Adelie Penguins:  (152, 17)
Chinstrap Penguins:  (68, 17)
Gentoo Penguins:  (124, 17)


| **Column Name**   | **Description**                                                                                               |
|-------------------|---------------------------------------------------------------------------------------------------------------|
| **studyName**      | Sampling expedition from which data were collected, generated, etc.                                           |
| **Sample Number**  | Continuous numbering sequence for each sample                                                                |
| **Species**        | A string representing the species of an organism                                                             |
| **Region**         | Nominal region of Palmer LTER sampling grid                                                                  |
| **Island**         | Island near Palmer Station where samples were collected                                                      |
| **Stage**          | Reproductive stage at sampling                                                                               |
| **Individual ID**  | A unique ID for each individual in the dataset                                                               |
| **Clutch Completion** | Whether the study nest was observed with a full clutch (i.e., 2 eggs)                                      |
| **Date Egg**       | Date the study nest was observed with 1 egg (sampled)                                                        |
| **Culmen Length**  | Length of the dorsal ridge of a bird's bill                                                                  |
| **Culmen Depth**   | Depth of the dorsal ridge of a bird's bill                                                                   |
| **Flipper Length** | Length of the flipper                                                                                        |
| **Body Mass**      | Mass of the body                                                                                             |
| **Sex**            | Code for the sex of an animal                                                                                |
| **Delta 15 N**     | A measure of the ratio of stable isotopes 15N:14N                                                            |
| **Delta 13 C**     | A measure of the ratio of stable isotopes 13C:12C                                                            |
| **Comments**       | Text field to provide additional relevant information for the data                                            |


<br>

> ### Methods and protocols used in the collection of this data package
>
> Each season, study nests, where pairs of adults were present, were individually marked and chosen before the onset of egg-laying, and consistently monitored.
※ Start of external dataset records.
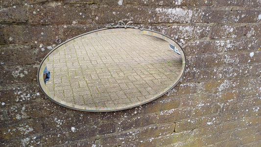 20% OFF AT CHECKOUTRegular price £120.00 GBPRegular priceUnit price / perSale price £120.00 GBP20% OFF AT CHECKOUTSuperb Pretty Vintage Metal Brass Oval 1920s Wall Mirror Ribbon Decoration.
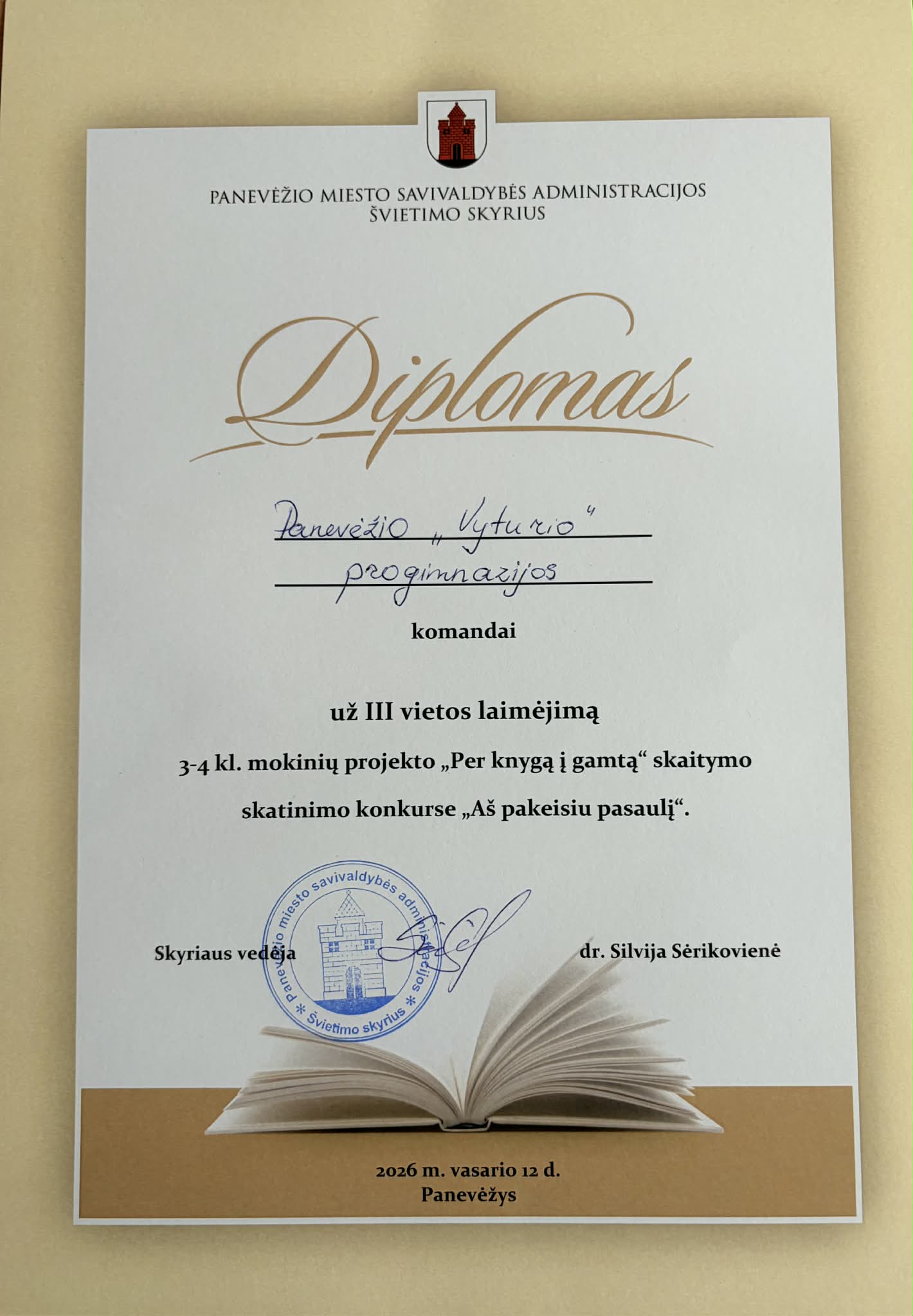 Sveikiname mūsų progimnazijos 3-4 klasių mokinių komandą: Gerdą Andriukaitytę, 4c kl., Vasarę Lukminaitę, 4c kl., Ugnę Bedrę, 3a kl., Joną Balaišį, 3b kl., dalyvavusius Panevėžio miesto 3-4 klasių skaitymo skatinimo projekto „Per knygą į gamtą“ konkurse „Aš pakeisiu pasaulį“ ir užėmusius III-iąją vietą. Mokiniai stropiai ruošėsi konkursui: skaitė tris Rebekos Unos knygas, atliko įvairias užduotis, susijusias su šiomis knygomis. Komanda apdovanota Diplomu ir atminimo dovanėlėmis.
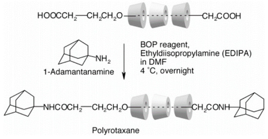 - Araki, J.; Zhao, C.; Ito, K. Efficient production of polyrotaxanes from α-cyclodextrin and poly (ethylene glycol). Macromolecules 2005, 38, 7524–7527. [Google Scholar] [CrossRef]
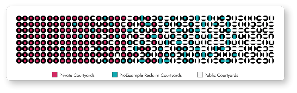The lack of public spaces and over densification of Eixample led to project by ProEixample, intending to repurpose the courtyards with gardens and communal spaces by expropriation. The municipality was able to convert some parts of over seventy blocks into gardens of different sizes, trees, and uses. This plan of expropriation turned out to be an expensive affair and the municipality had to put a halt to the initiative.
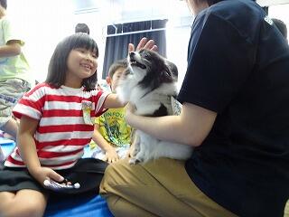 第1学年の教室で行われ、最初は、1組は「ねこのコーナー」、2組は「いぬのコーナー」、3組は「ビデオのコーナー」。その後、交代でコーナーを回りました。
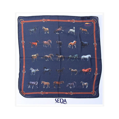 Pañuelo Seda Fondo Marino Adorno Caballos
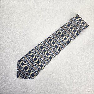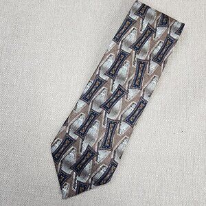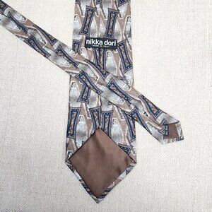 Nikka Dori: Tan, Brown, white, blue, geometric design,100% silk, Made in Italy, Measurements 4" W x 58" L
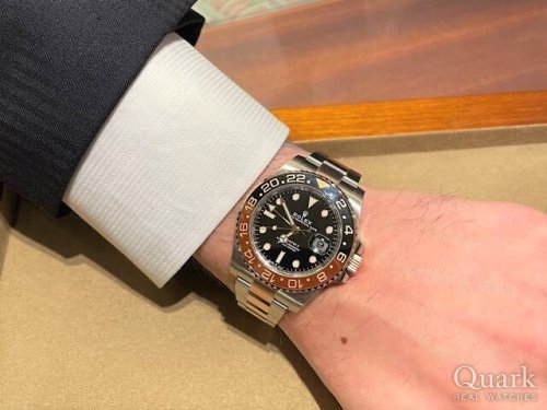 S様 いつもクォーク上野本店をご利用いただき誠にありがとうございます。GMT-II Ref.126711CHNRのご購入おめでとうございます!当初は226659のご購入をご検討との事だったのに気付いたら126711CHNRを買っちゃったには驚きました(笑)海外での人気も高く、今後の資産性が楽しみですね。プライベートやビジネスシーンで活躍する事間違いなしのお時計かと思いますので、ガンガンご使用下さいませ。また、ブレスレットの洗浄及び調整も無料で行っておりますので、お近くにお越しの際は遊びにいらしてくださいませ。お使いいただく上で何かご不明な点等ございましたら、また林までご相談ください。今後とも末永いお付き合いの程よろしくお願いいたします。
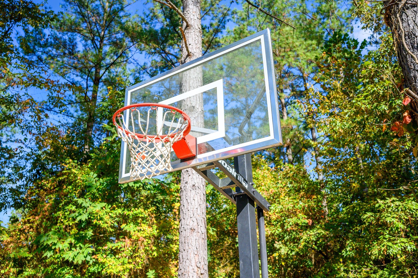 There are also four king suites, each with a private bath and balcony, and one with an additional fireplace. The outdoor deck boasts a fireplace, two TVs, a grill, and games like cornhole and basketball, plus a playground.
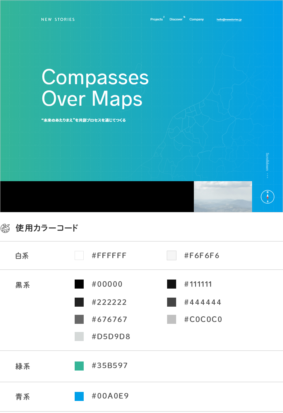 カラーコードを並べてみると、使用箇所ごとにちょっとずつ色味を変えて使用しているのが分かります。
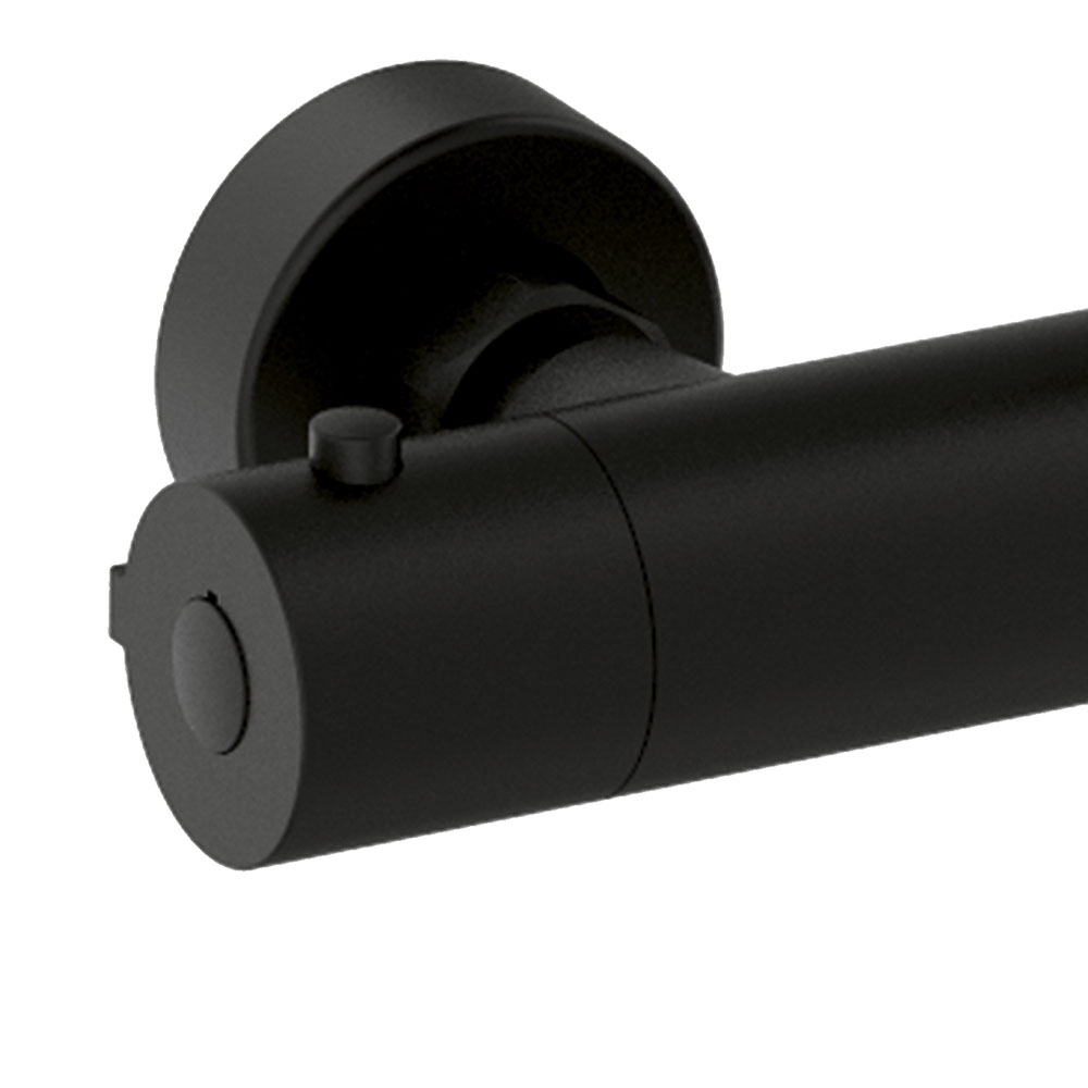 Kibath Grifo Para Columna De Ducha redondo termostático acabado negro mate fabricado en latón

When study nests were found at the one-egg stage, both adults were captured to obtain blood samples used for molecular sexing and stable isotope analyses, and measurements of structural size and body mass. 
>
> At the time of capture, each adult penguin was quickly blood sampled (~1 ml) from the brachial vein using a sterile 3 ml syringe and heparinized infusion needle. Collected blood was stored in 1.5 ml micro-centrifuge tubes that were kept cool. In the field, a small amount of whole blood was smeared on clean filter paper stored in a 1.5 ml micro-centrifuge tube for molecular sexing. 
>
> Measurements of culmen length and depth (using dial calipers ± 0.1 mm), right flipper (using a ruler ± 1 mm), and body mass (using 5 kg ± 25 g or 10 kg ± 50 g Pesola spring scales and a weigh bag) were obtained to quantify body size variation. After handling, individuals at study nests were further monitored to ensure the pair reached clutch completion, i.e., two eggs. 
>
> Molecular analyses were conducted at Simon Fraser University following standard PCR protocols, and stable isotope analyses were conducted at the Stable Isotope Facility at the University of California, Davis using an elemental analyzer interfaced with an isotope ratio mass spectrometer.
>

---
## Concat all penguin species

In [4]:
# Concatenate the DataFrames along rows
penguins_all = pd.concat(
    [penguins_adelie, penguins_chinstrap, penguins_gentoo])

# Reset the index after concatenation (optional)
penguins_all.reset_index(drop=True, inplace=True)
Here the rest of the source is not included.